> **What is needed**:
Every line of the records counts; transcribe each one exactly.

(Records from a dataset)
※
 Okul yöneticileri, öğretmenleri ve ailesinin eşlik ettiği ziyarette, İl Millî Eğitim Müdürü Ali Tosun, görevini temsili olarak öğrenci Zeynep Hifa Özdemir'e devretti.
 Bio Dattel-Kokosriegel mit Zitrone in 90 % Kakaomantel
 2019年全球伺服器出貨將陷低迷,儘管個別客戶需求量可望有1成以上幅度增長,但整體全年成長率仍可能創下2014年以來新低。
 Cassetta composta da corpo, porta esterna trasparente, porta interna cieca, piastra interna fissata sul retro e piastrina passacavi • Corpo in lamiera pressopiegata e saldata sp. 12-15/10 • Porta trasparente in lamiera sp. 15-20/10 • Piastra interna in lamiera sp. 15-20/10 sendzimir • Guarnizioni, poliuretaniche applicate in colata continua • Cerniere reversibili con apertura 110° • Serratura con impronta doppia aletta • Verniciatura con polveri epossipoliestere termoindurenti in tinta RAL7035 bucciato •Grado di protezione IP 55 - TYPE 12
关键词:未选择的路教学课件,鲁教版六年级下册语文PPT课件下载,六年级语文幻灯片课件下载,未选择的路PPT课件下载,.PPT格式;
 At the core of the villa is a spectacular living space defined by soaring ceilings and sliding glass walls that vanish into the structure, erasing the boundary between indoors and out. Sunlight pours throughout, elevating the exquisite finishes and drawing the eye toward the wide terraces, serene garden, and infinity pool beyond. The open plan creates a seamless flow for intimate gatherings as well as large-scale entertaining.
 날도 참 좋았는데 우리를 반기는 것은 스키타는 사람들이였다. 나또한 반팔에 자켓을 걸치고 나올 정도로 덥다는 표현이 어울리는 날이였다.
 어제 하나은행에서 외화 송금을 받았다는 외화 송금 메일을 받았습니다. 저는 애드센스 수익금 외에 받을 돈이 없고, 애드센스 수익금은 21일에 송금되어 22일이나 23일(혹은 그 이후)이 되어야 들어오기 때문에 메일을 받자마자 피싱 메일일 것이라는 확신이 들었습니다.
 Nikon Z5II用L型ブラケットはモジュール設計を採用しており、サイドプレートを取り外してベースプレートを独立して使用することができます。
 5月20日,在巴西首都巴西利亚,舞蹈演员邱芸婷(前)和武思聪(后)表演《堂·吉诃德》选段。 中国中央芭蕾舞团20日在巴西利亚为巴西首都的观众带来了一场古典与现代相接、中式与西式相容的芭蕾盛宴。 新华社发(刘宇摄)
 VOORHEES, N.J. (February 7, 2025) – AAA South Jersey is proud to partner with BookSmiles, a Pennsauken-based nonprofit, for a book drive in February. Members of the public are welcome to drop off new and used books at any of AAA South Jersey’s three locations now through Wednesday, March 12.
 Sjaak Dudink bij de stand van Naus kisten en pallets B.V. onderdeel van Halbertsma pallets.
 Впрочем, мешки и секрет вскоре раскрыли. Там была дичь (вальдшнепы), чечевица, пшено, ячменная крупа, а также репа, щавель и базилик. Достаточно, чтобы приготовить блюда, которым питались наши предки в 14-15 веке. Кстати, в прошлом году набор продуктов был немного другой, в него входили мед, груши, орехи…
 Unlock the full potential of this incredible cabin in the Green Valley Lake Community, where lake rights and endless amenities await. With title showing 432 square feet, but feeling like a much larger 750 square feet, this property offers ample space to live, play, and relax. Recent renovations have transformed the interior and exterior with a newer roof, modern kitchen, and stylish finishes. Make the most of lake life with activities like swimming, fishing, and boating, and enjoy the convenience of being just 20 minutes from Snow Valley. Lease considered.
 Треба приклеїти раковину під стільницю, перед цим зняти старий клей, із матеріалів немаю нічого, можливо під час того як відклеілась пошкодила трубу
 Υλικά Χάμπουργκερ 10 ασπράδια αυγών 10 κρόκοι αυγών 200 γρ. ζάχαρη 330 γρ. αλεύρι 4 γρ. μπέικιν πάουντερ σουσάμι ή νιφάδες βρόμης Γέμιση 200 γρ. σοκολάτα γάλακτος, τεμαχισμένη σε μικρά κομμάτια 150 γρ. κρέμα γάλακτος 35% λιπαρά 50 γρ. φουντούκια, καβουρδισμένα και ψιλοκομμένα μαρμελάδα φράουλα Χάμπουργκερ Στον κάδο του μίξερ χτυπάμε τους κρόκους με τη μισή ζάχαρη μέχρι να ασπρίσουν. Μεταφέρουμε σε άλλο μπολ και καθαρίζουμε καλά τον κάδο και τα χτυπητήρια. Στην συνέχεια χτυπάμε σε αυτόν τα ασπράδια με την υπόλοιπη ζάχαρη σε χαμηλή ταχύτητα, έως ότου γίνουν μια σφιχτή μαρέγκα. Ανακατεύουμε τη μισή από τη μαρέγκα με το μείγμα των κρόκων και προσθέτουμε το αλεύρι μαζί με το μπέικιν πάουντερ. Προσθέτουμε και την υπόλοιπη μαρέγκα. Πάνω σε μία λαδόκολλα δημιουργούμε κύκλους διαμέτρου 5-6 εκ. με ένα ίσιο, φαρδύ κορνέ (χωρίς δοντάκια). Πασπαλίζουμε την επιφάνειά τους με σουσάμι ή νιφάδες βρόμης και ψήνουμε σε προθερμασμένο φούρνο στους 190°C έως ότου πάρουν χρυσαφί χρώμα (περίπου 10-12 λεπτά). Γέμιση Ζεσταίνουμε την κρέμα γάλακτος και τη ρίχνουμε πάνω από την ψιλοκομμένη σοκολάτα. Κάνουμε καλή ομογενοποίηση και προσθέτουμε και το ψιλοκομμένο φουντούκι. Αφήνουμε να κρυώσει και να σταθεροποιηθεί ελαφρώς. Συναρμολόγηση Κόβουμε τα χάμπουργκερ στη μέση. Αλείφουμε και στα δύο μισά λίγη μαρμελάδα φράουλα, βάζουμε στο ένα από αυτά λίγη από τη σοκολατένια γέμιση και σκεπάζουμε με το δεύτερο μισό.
※
> **The completed task**:
 Okul yöneticileri, öğretmenleri ve ailesinin eşlik ettiği ziyarette, İl Millî Eğitim Müdürü Ali Tosun, görevini temsili olarak öğrenci Zeynep Hifa Özdemir'e devretti.
 Bio Dattel-Kokosriegel mit Zitrone in 90 % Kakaomantel
 2019年全球伺服器出貨將陷低迷,儘管個別客戶需求量可望有1成以上幅度增長,但整體全年成長率仍可能創下2014年以來新低。
 Cassetta composta da corpo, porta esterna trasparente, porta interna cieca, piastra interna fissata sul retro e piastrina passacavi • Corpo in lamiera pressopiegata e saldata sp. 12-15/10 • Porta trasparente in lamiera sp. 15-20/10 • Piastra interna in lamiera sp. 15-20/10 sendzimir • Guarnizioni, poliuretaniche applicate in colata continua • Cerniere reversibili con apertura 110° • Serratura con impronta doppia aletta • Verniciatura con polveri epossipoliestere termoindurenti in tinta RAL7035 bucciato •Grado di protezione IP 55 - TYPE 12
关键词:未选择的路教学课件,鲁教版六年级下册语文PPT课件下载,六年级语文幻灯片课件下载,未选择的路PPT课件下载,.PPT格式;
 At the core of the villa is a spectacular living space defined by soaring ceilings and sliding glass walls that vanish into the structure, erasing the boundary between indoors and out. Sunlight pours throughout, elevating the exquisite finishes and drawing the eye toward the wide terraces, serene garden, and infinity pool beyond. The open plan creates a seamless flow for intimate gatherings as well as large-scale entertaining.
 날도 참 좋았는데 우리를 반기는 것은 스키타는 사람들이였다. 나또한 반팔에 자켓을 걸치고 나올 정도로 덥다는 표현이 어울리는 날이였다.
 어제 하나은행에서 외화 송금을 받았다는 외화 송금 메일을 받았습니다. 저는 애드센스 수익금 외에 받을 돈이 없고, 애드센스 수익금은 21일에 송금되어 22일이나 23일(혹은 그 이후)이 되어야 들어오기 때문에 메일을 받자마자 피싱 메일일 것이라는 확신이 들었습니다.
 Nikon Z5II用L型ブラケットはモジュール設計を採用しており、サイドプレートを取り外してベースプレートを独立して使用することができます。
 5月20日,在巴西首都巴西利亚,舞蹈演员邱芸婷(前)和武思聪(后)表演《堂·吉诃德》选段。 中国中央芭蕾舞团20日在巴西利亚为巴西首都的观众带来了一场古典与现代相接、中式与西式相容的芭蕾盛宴。 新华社发(刘宇摄)
 VOORHEES, N.J. (February 7, 2025) – AAA South Jersey is proud to partner with BookSmiles, a Pennsauken-based nonprofit, for a book drive in February. Members of the public are welcome to drop off new and used books at any of AAA South Jersey’s three locations now through Wednesday, March 12.
 Sjaak Dudink bij de stand van Naus kisten en pallets B.V. onderdeel van Halbertsma pallets.
 Впрочем, мешки и секрет вскоре раскрыли. Там была дичь (вальдшнепы), чечевица, пшено, ячменная крупа, а также репа, щавель и базилик. Достаточно, чтобы приготовить блюда, которым питались наши предки в 14-15 веке. Кстати, в прошлом году набор продуктов был немного другой, в него входили мед, груши, орехи…
 Unlock the full potential of this incredible cabin in the Green Valley Lake Community, where lake rights and endless amenities await. With title showing 432 square feet, but feeling like a much larger 750 square feet, this property offers ample space to live, play, and relax. Recent renovations have transformed the interior and exterior with a newer roof, modern kitchen, and stylish finishes. Make the most of lake life with activities like swimming, fishing, and boating, and enjoy the convenience of being just 20 minutes from Snow Valley. Lease considered.
 Треба приклеїти раковину під стільницю, перед цим зняти старий клей, із матеріалів немаю нічого, можливо під час того як відклеілась пошкодила трубу
 Υλικά Χάμπουργκερ 10 ασπράδια αυγών 10 κρόκοι αυγών 200 γρ. ζάχαρη 330 γρ. αλεύρι 4 γρ. μπέικιν πάουντερ σουσάμι ή νιφάδες βρόμης Γέμιση 200 γρ. σοκολάτα γάλακτος, τεμαχισμένη σε μικρά κομμάτια 150 γρ. κρέμα γάλακτος 35% λιπαρά 50 γρ. φουντούκια, καβουρδισμένα και ψιλοκομμένα μαρμελάδα φράουλα Χάμπουργκερ Στον κάδο του μίξερ χτυπάμε τους κρόκους με τη μισή ζάχαρη μέχρι να ασπρίσουν. Μεταφέρουμε σε άλλο μπολ και καθαρίζουμε καλά τον κάδο και τα χτυπητήρια. Στην συνέχεια χτυπάμε σε αυτόν τα ασπράδια με την υπόλοιπη ζάχαρη σε χαμηλή ταχύτητα, έως ότου γίνουν μια σφιχτή μαρέγκα. Ανακατεύουμε τη μισή από τη μαρέγκα με το μείγμα των κρόκων και προσθέτουμε το αλεύρι μαζί με το μπέικιν πάουντερ. Προσθέτουμε και την υπόλοιπη μαρέγκα. Πάνω σε μία λαδόκολλα δημιουργούμε κύκλους διαμέτρου 5-6 εκ. με ένα ίσιο, φαρδύ κορνέ (χωρίς δοντάκια). Πασπαλίζουμε την επιφάνειά τους με σουσάμι ή νιφάδες βρόμης και ψήνουμε σε προθερμασμένο φούρνο στους 190°C έως ότου πάρουν χρυσαφί χρώμα (περίπου 10-12 λεπτά). Γέμιση Ζεσταίνουμε την κρέμα γάλακτος και τη ρίχνουμε πάνω από την ψιλοκομμένη σοκολάτα. Κάνουμε καλή ομογενοποίηση και προσθέτουμε και το ψιλοκομμένο φουντούκι. Αφήνουμε να κρυώσει και να σταθεροποιηθεί ελαφρώς. Συναρμολόγηση Κόβουμε τα χάμπουργκερ στη μέση. Αλείφουμε και στα δύο μισά λίγη μαρμελάδα φράουλα, βάζουμε στο ένα από αυτά λίγη από τη σοκολατένια γέμιση και σκεπάζουμε με το δεύτερο μισό.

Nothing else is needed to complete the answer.